Definition: U.S. Courts classifies debt as business when the debtor is a corporation or partnership, or when business-related debt predominates.
| County | Business cases, 12 months ending Mar. 31, 2026 | Change vs prior 12 months | Chapter 11 cases | All bankruptcy cases |
|---|---|---|---|---|
| King | 182 | +73 | 87 | 1,955 |
| Snohomish | 43 | -14 | 25 | 1,037 |
| Pierce | 42 | +3 | 10 | 1,586 |
| Spokane | 26 | -2 | 6 | 752 |
| Clark | 22 | +7 | 3 | 891 |
| Franklin | 16 | +8 | 0 | 132 |
| Benton | 13 | +3 | 1 | 291 |
| Thurston | 12 | +2 | 2 | 465 |
| Kitsap | 11 | -3 | 4 | 327 |
| Yakima | 9 | +4 | 3 | 546 |
The 2026 Fed Small Business Credit Survey appendix reported that 94% of U.S. employer firms faced a financial challenge in 2025, 38% applied for financing, and 52% of applicants were fully approved.

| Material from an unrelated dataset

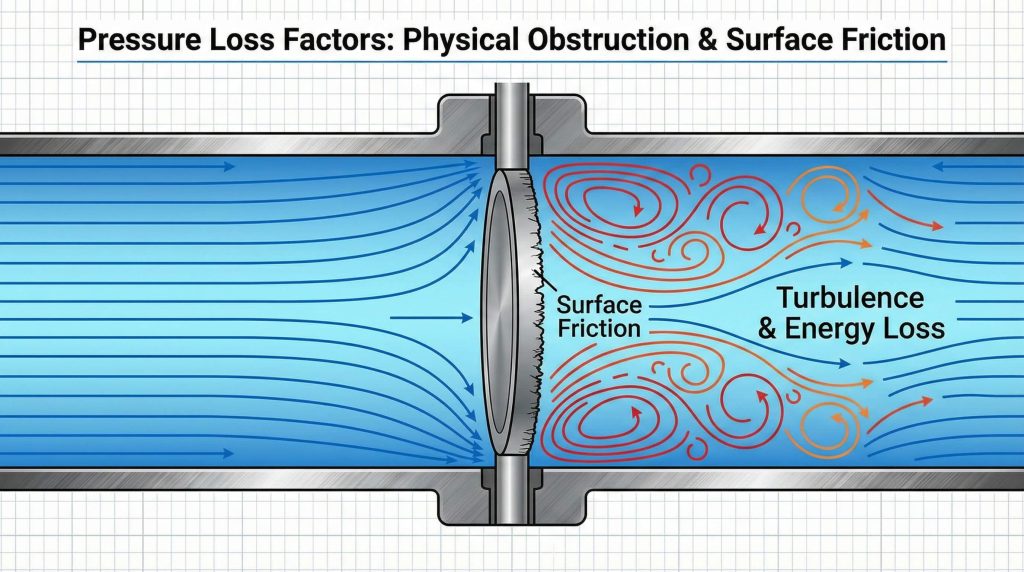 The primary causes of butterfly valve pressure loss are the physical obstruction of the disc and the surface friction generated as fluid moves across the valve internals. Even in a fully open position, the disc remains in the flow stream, creating a wake that dissipates energy.

USAspending reports $13.1B in FY2025 federal procurement obligations to recipients located in Washington. The filter covers procurement awards to WA recipients across award type codes A, B, C, and D.

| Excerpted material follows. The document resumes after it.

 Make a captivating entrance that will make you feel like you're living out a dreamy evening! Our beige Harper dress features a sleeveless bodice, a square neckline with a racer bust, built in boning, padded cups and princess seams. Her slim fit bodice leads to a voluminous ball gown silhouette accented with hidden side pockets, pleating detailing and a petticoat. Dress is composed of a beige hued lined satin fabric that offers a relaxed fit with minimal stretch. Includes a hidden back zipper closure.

| NAICS | Federal procurement category | FY2025 obligations |
|---|---|---|
| 336411 | Aircraft Manufacturing | $4.3B |
| 541710 | Research and Development in the Physical, Engineering, and Life Sciences | $1.6B |
| 237990 | Other Heavy and Civil Engineering Construction | $1.2B |
| 541715 | Research and Development in the Physical, Engineering, and Life Sciences (except Nanotechnology and Biotechnology) | $976.2M |
| 236220 | Commercial and Institutional Building Construction | $584.7M |
| 518210 | Computing Infrastructure Providers, Data Processing, Web Hosting, and Related Services | $466.7M |
| 541512 | Computer Systems Design Services | $359.3M |
| 336611 | Ship Building and Repairing | $249.8M |
| 561210 | Facilities Support Services | $196.3M |
| 541990 | All Other Professional, Scientific, and Technical Services | $195.4M |
The charts and figures on this page come from public source files or APIs. Annual sources use the most recent complete year available; partial-year figures are labeled in the text.